I built an evolving self modifying AI agent that monitors webpages without constant LLM calls

#ai #opensource #agents #programming

Background

Many AI agents have these two big problems.

Problem 1: Token waste during waiting

A lot of agents I've seen handle "waiting" poorly. If you want the agent to monitor a webpage until something changes — like a price update, a status change, or a specific piece of text appearing — the usual approach is to either:

keep calling the LLM in a loop ("is it there yet? is it there yet?")

That burns through tokens and requests even though the agent isn't really doing that much.

Problem 2: Fixed toolsets

Many agents ship with a fixed set of tools. If you give them a task that doesn't fit those tools well, they either fail, hallucinate a solution, or you have to go add a new tool yourself.

I wanted an agent that could notice when it's missing a capability and just... build it.

What I built

The project is called GrimmBot. It's an open-source AI agent that runs inside a Docker container with a full Debian-based desktop environment, a browser, and a set of built-in tools.

But the two features I think make it different are:

Zero-token monitoring mode
Runtime tool generation

Let me explain how each one works.

Zero-token monitoring

When GrimmBot needs to wait for something — like a webpage to update, a piece of text to appear, or a visual condition to be met — it doesn't keep polling the LLM.

Instead, it hands off the waiting to a local Python watcher loop.

This loop can monitor for:

specific text or regex patterns in the DOM
visual conditions using pixel/color bounding boxes
any other condition you can express in Python

While this loop is running, no LLM calls are made. The model is essentially asleep.

The moment the trigger condition is met, the watcher exits and wakes the agent back up. Only then does it make another API call to continue the task.

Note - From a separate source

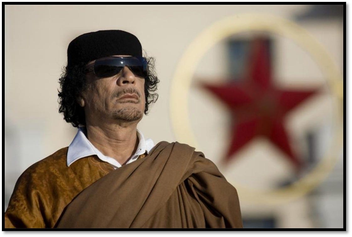 For many Americans over 30, the name Muammar Gaddafi conjures up a list of demonic labels: dictator, tyrant, lunatic. With the helpful assistance of deep state news outlets, they’ve come to view Colonel Gaddafi as an outrageously corrupt, over-the-top whack-job with an obsession for oversized sunglasses, in dire need of a personal hair and wardrobe stylist.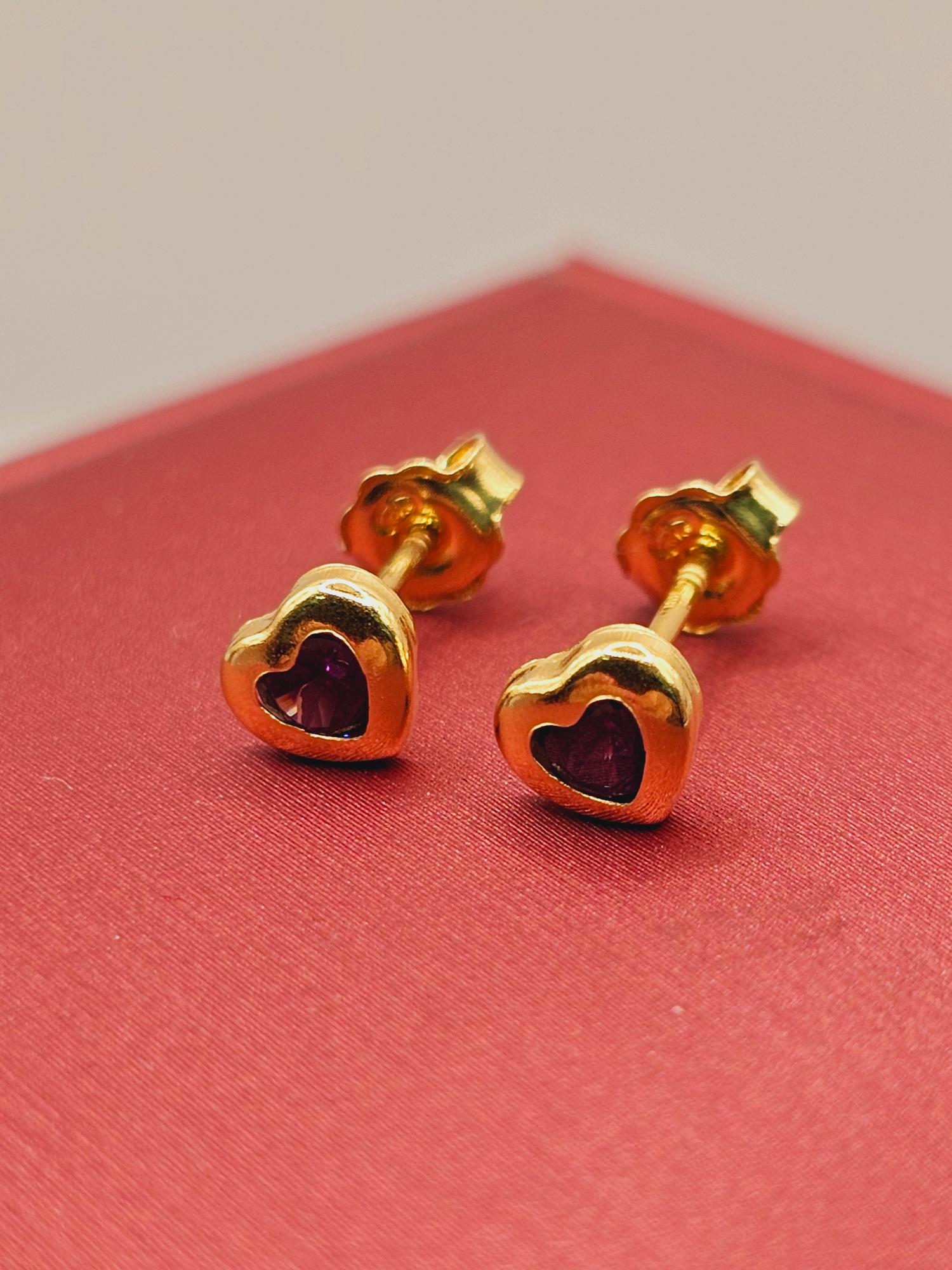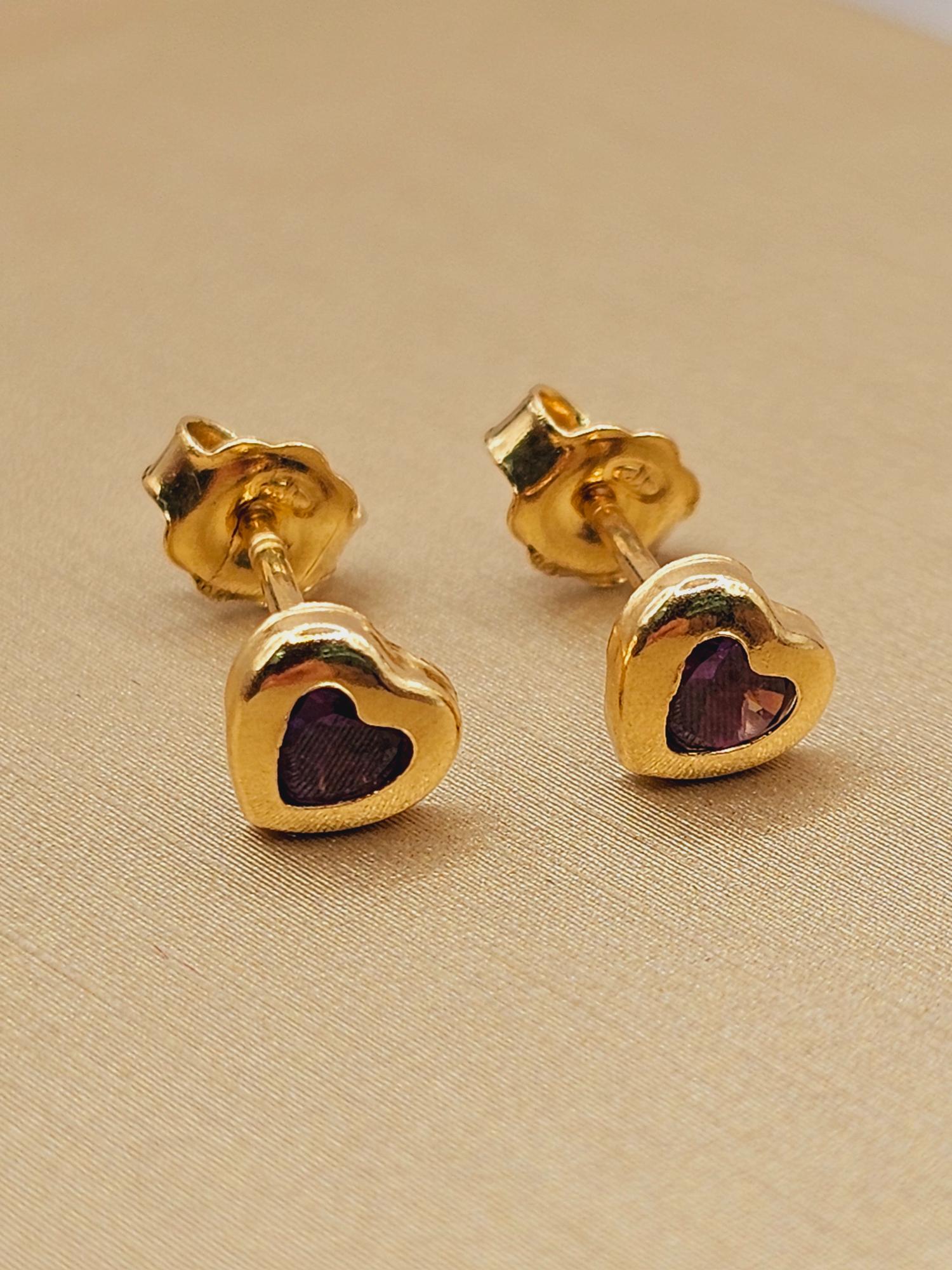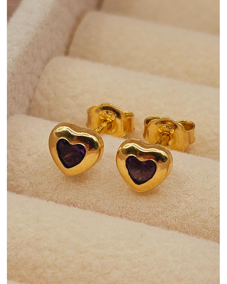 Aros Corazón Amatista 5 mm en Oro 18K: Un Toque de Amor y Serenidad en tus Orejas

So if you ask GrimmBot to "watch this page until this text appears," it will:

set up a local watcher for that condition using the built in tools it has for doing so
suspend LLM usage
wait locally
wake up and resume once the condition is true

This makes long monitoring tasks much more efficient.

Runtime tool generation

GrimmBot ships with 60+ built-in tools for things like:

browser control (clicking, navigation, DOM extraction)
file operations (read, write, patch)
shell commands
screenshots and visual grids
scheduling and memory

But sometimes that's not enough.

If GrimmBot hits a task where none of its existing tools are a good fit, it can write a new one

So if you ask it to do something weird and specific — like parse a proprietary log format, or interact with some niche API — it can try to build the tool itself in python instead of just failing.

These custom tools are persistent. If it builds a tool on Monday, it still has access to it on Tuesday.

The environment

GrimmBot runs fully containerized in Docker.

The container includes:

Debian Bookworm Slim
a headless X11 display using xvfb
VNC access via x11vnc (so you can watch what it's doing)
Chromium browser
Python with common libraries
Java 17 and build tools for code tasks
LiteLLM for model-agnostic API support (works with OpenAI, Anthropic, Gemini, OpenRouter, or local models)

You interact with the agent through an attached terminal, and you can view its desktop over VNC.

There's also a "wormhole" folder — a shared directory between your host machine and the container for passing files in and out.

Human approval for certain actions

I added a system where when the agent tries to take certain actions, you must give it approval for them to work.

Certain actions — like running arbitrary shell commands, creating a custom tool, or navigating outside a list of allowed domains — will pause and ask for approval in the terminal before proceeding.